Michael 01:16:03 Yeah, it’s totally related to that. Yeah. So like, you know, I worked with Walt Schneider who, you know, had the controlled versus automatic processing, which maps like even, you know, I believe condiments said it maps one to one system, one system, two concept. Um, so yeah, I mean, controlled processing, but this particular, uh, flavor of control processing that is really about novel task behavior and transferring, um, abilities and to novel situations and that which is directly related to, uh, general human intelligence, which is another topic that I really dug into when I was working with Todd braver. So general fluid intelligence is this really fascinating concept in psychology. That’s really about individual differences and is directly related to, uh, riddle abilities. Um, they, they actually correlate quite strongly. And so if we could really, you know, figure out what’s going on, like why do, why do humans have this?

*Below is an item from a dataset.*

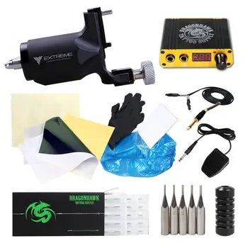 Dragonhawk Professional Tattoo Kit Set Rotary Tattoo Machine Power Needles Ink Sets Accessories

Michael 01:17:05 Um, isn’t, it is, it is a factor analytic thing that they can see in the statistics that, that each individual, it seems to have this general ability that generalizes across a bunch of different tasks. Um, what is that, you know, where, where is that in the brain? And like, what’s the mechanism behind that? You know, maybe once we figured that out, we can copy that over for AI. And then I guess there’s the term artificial general intelligence, and I’m talking about natural general intelligence, right. And maybe there’s some way to learn from one and ticket over to the other.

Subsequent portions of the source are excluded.